To do:
Begin at the line below that holds "А вдруг случится" and end at the line that holds "根据其代币经济学,PIRATE 总量 10", transcribing each line exactly and skipping any picture.

Recorded data:

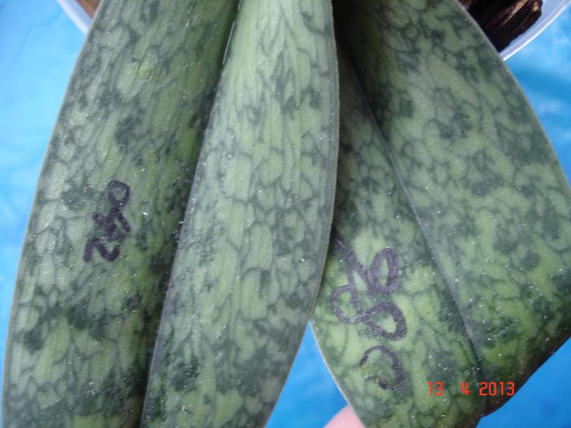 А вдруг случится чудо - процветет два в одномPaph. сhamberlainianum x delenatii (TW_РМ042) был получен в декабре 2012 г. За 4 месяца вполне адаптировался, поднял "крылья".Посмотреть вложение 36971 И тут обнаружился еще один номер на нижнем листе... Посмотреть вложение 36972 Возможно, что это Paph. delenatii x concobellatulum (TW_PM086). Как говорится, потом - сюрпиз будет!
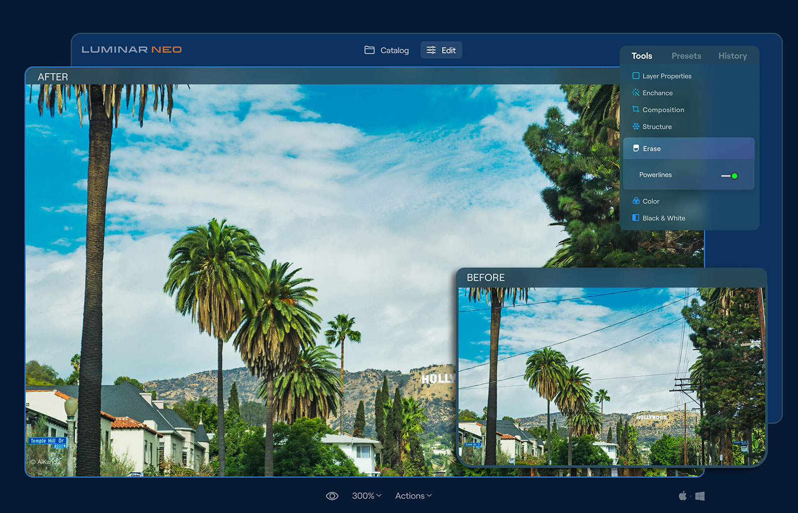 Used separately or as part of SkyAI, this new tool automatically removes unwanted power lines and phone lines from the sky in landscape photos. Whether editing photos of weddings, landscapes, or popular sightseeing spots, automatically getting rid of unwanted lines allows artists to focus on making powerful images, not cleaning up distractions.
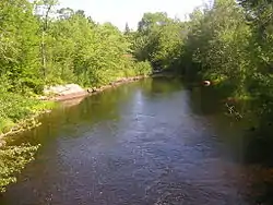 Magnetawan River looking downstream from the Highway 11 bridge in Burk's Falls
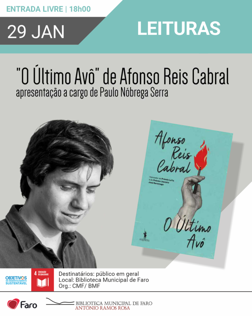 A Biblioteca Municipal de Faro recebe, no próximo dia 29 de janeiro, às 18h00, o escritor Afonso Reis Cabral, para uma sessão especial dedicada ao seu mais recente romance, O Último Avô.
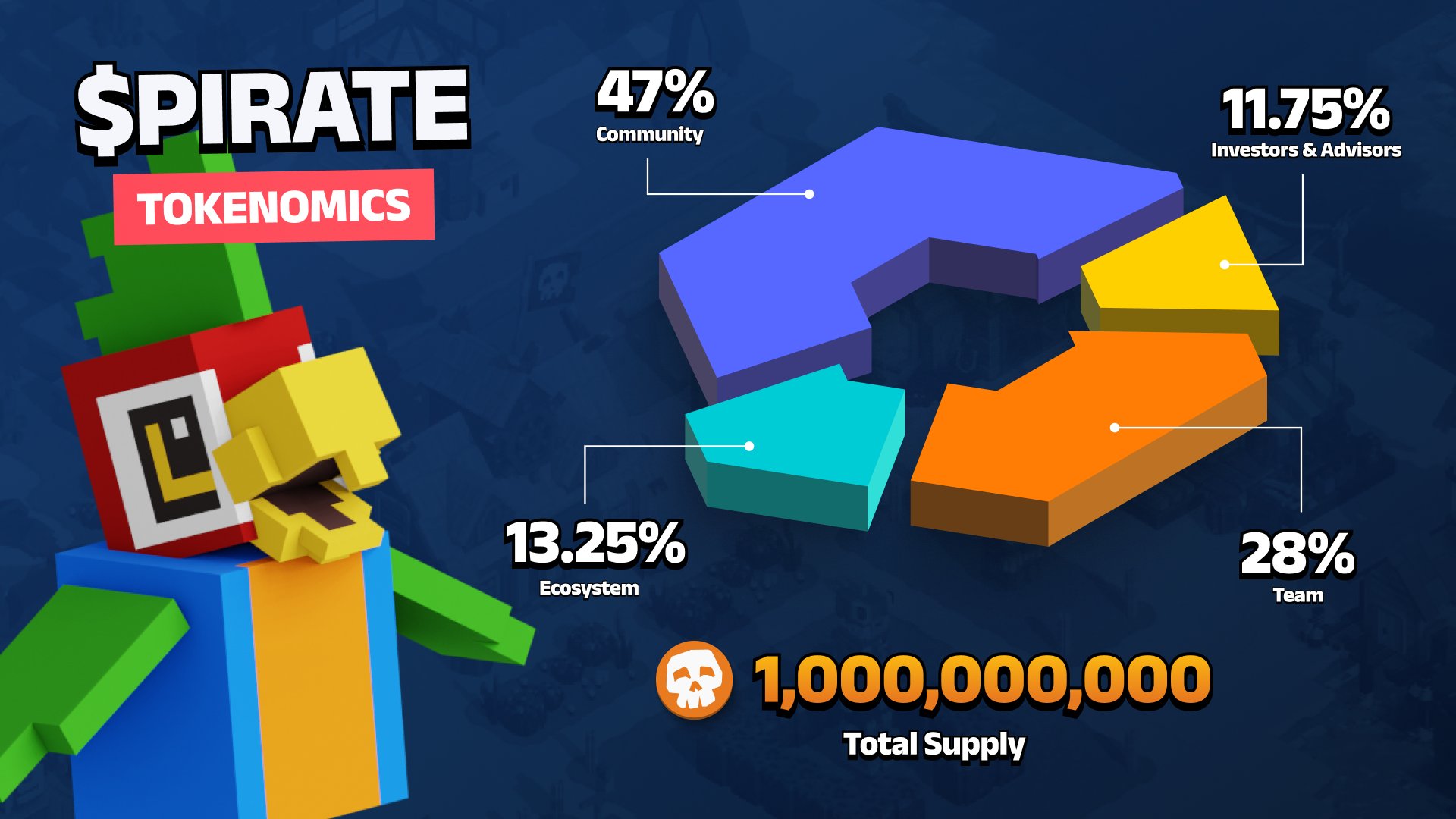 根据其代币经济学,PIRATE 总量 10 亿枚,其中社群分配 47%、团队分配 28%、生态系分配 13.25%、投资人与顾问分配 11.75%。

...

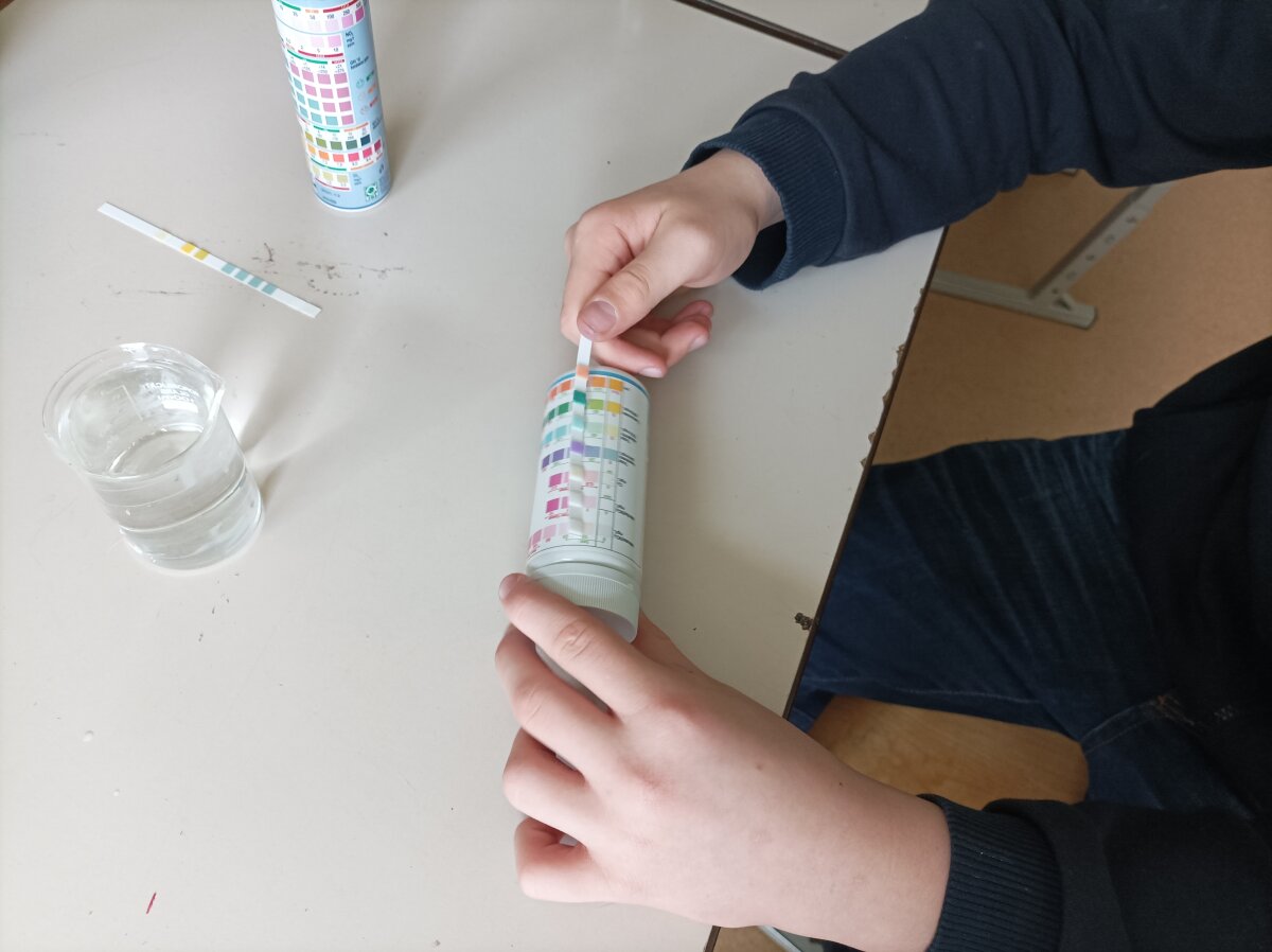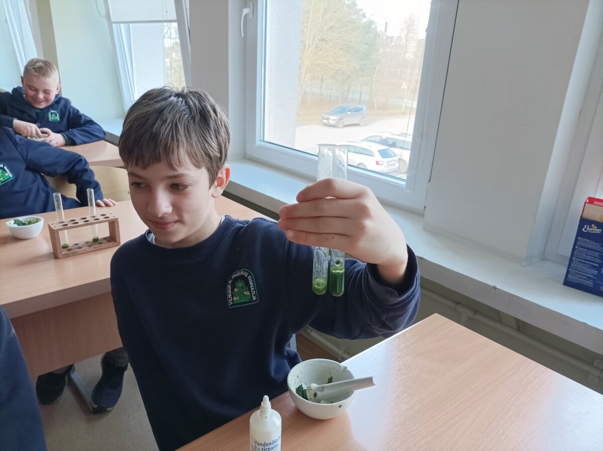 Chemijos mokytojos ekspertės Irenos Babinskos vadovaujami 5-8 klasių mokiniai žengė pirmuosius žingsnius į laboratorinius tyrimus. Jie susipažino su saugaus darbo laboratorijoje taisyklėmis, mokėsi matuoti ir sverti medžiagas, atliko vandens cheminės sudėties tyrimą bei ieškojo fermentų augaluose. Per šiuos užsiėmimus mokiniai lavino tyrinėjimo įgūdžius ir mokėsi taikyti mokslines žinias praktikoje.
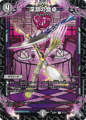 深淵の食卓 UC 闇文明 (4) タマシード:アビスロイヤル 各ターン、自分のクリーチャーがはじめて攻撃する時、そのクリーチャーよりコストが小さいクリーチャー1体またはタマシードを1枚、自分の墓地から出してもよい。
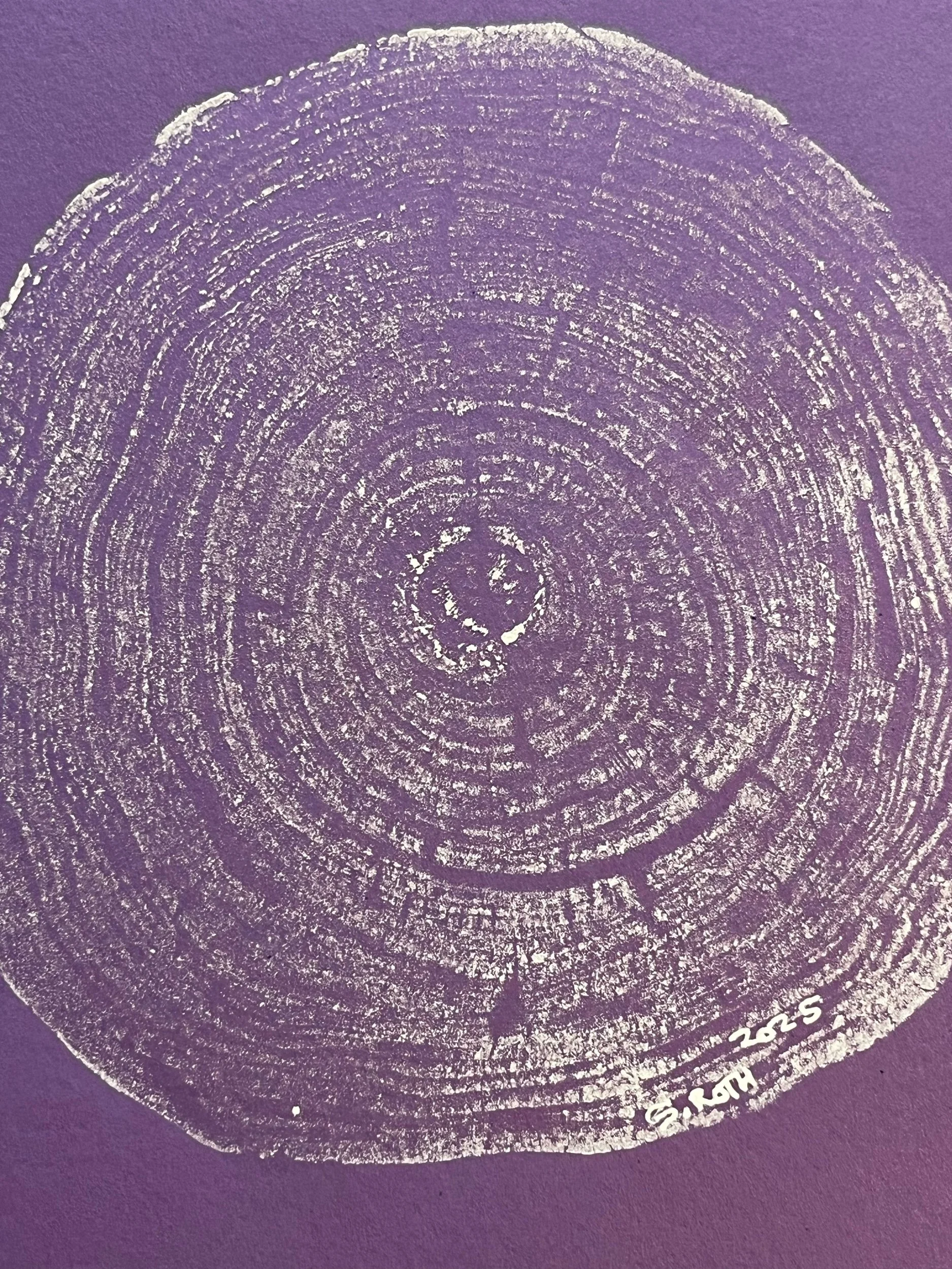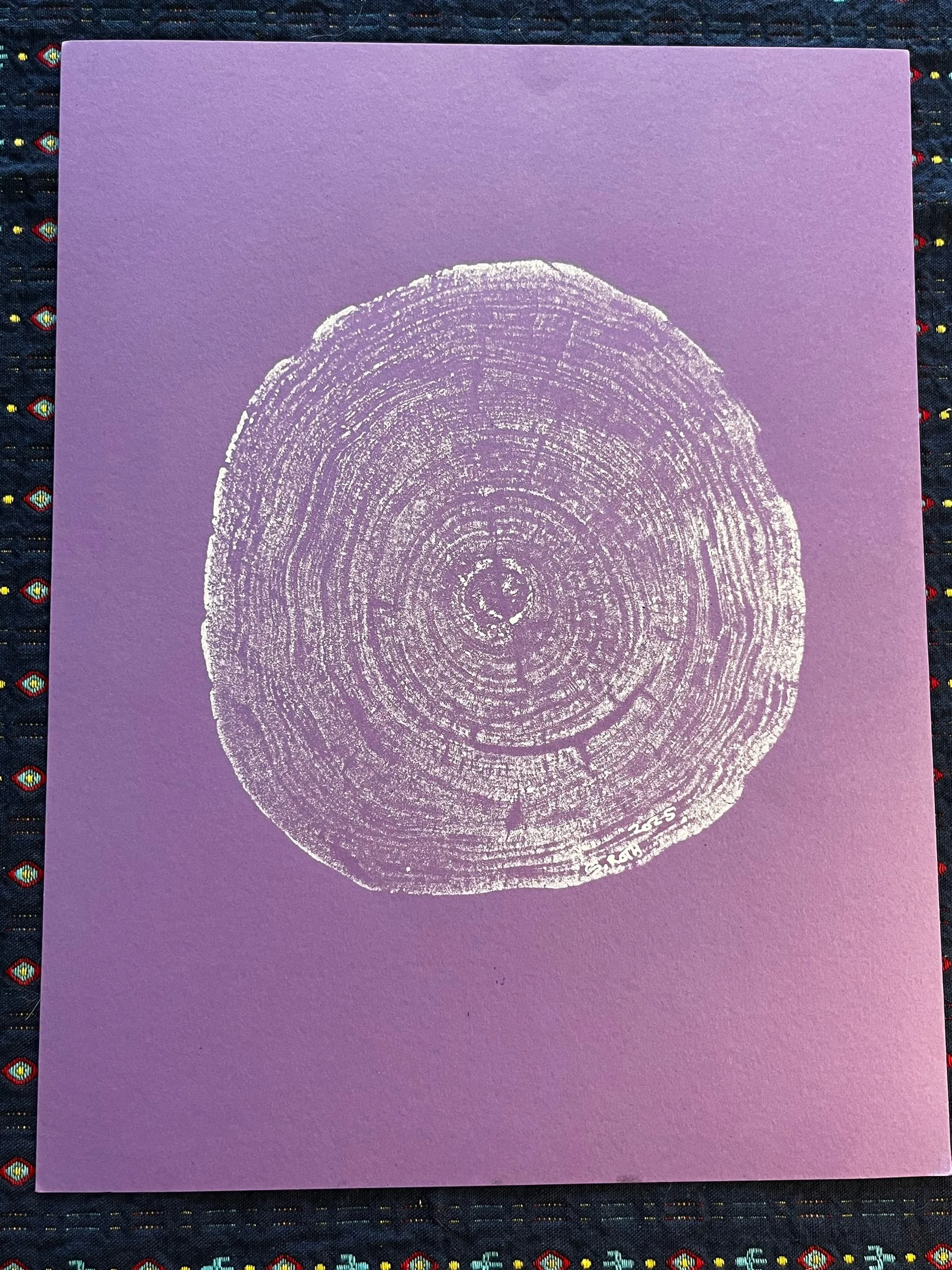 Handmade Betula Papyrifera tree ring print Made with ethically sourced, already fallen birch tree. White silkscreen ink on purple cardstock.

Result:
 А вдруг случится чудо - процветет два в одномPaph. сhamberlainianum x delenatii (TW_РМ042) был получен в декабре 2012 г. За 4 месяца вполне адаптировался, поднял "крылья".Посмотреть вложение 36971 И тут обнаружился еще один номер на нижнем листе... Посмотреть вложение 36972 Возможно, что это Paph. delenatii x concobellatulum (TW_PM086). Как говорится, потом - сюрпиз будет!
 Used separately or as part of SkyAI, this new tool automatically removes unwanted power lines and phone lines from the sky in landscape photos. Whether editing photos of weddings, landscapes, or popular sightseeing spots, automatically getting rid of unwanted lines allows artists to focus on making powerful images, not cleaning up distractions.
 Magnetawan River looking downstream from the Highway 11 bridge in Burk's Falls
 A Biblioteca Municipal de Faro recebe, no próximo dia 29 de janeiro, às 18h00, o escritor Afonso Reis Cabral, para uma sessão especial dedicada ao seu mais recente romance, O Último Avô.
 根据其代币经济学,PIRATE 总量 10 亿枚,其中社群分配 47%、团队分配 28%、生态系分配 13.25%、投资人与顾问分配 11.75%。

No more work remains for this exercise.